German photographer (born 1971)

Thomas Grube (born 1971) is a German photographer, film director, script writer and film producer. With his partner Uwe Dierks, he has written scripts and directed films about classical music, such as Rhythm Is It!

== Life ==
Born in Berlin, Grube studied political science, American studies and Eastern European studies at the Freie Universität Berlin as well as film and television business at the Konrad Wolf Film University of Babelsberg. At the same time, he worked as director and producer.

In 1993, he founded his first production company, with which he made short films, reports and music films as author, director and film producer. His first long film was Love is the Message in 1995. The music film (among others with Sven Väth, WestBam, Kid Paul, Moby, Cosmic Baby) was released by Studio K7 and is a comprehensive documentation of the early Techno generation of which he himself was a member. In 1996, Grube met his partner Uwe Dierks. Both were strongly inspired by the personality and music of the American composer and conductor Leonard Bernstein and shifted their focus to the genre of classical music. Together they realised various documentaries and music films as directors and producers, including Claudio Abbado, Plácido Domingo, Christoph Eschenbach, Hilary Hahn, Lang Lang, Anne Sophie Mutter and Li Yundi.

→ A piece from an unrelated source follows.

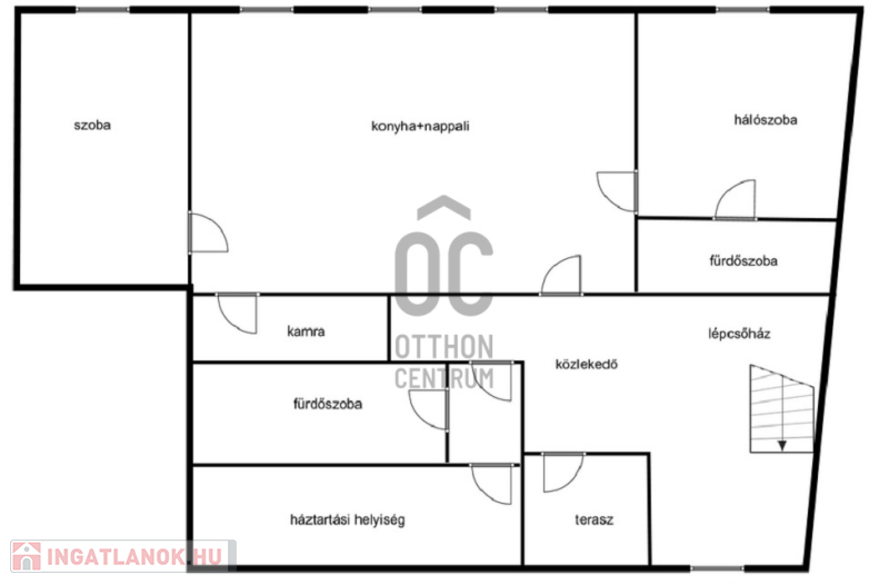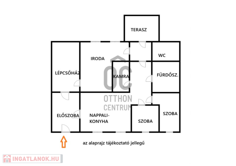 - földszint cc 100nm-s : nappali-konyha, 2 hálószoba , kamra, fürdőszoba, és egy külön iroda helyiség mosdóval , található

In 1999, Grube and Dierks founded, together with Andrea Thilo, the company Boomtown Media GmbH & Co. KG in Berlin. Since then, Grube has realised numerous documentary films for television and cinema as director and producer. For Warschau Express, he was nominated for the German Film Award in 2000. The documentary Rhythm Is It!, with Enrique Sánchez Lansch about a community outreach project of Berliner Philharmoniker with Simon Rattle, received its premiere at the 2004 Berlin International Film Festival 2004, and won the Bavarian Film Award, and in 2005 the German Film Award. In February 2008, his film Trip to Asia (world premiere at the Berlin Festival) was released in German cinemas. Trip to Asia, the first feature film about the mysterious inner life of the Berliner Philharmoniker and its chief conductor Sir Simon Rattle, received the Tiempo del Historia Award for "Best Documentary" at the 2008 Valladolid International Film Festival. Rhythm Is It! is one of the most successful documentaries in German cinema.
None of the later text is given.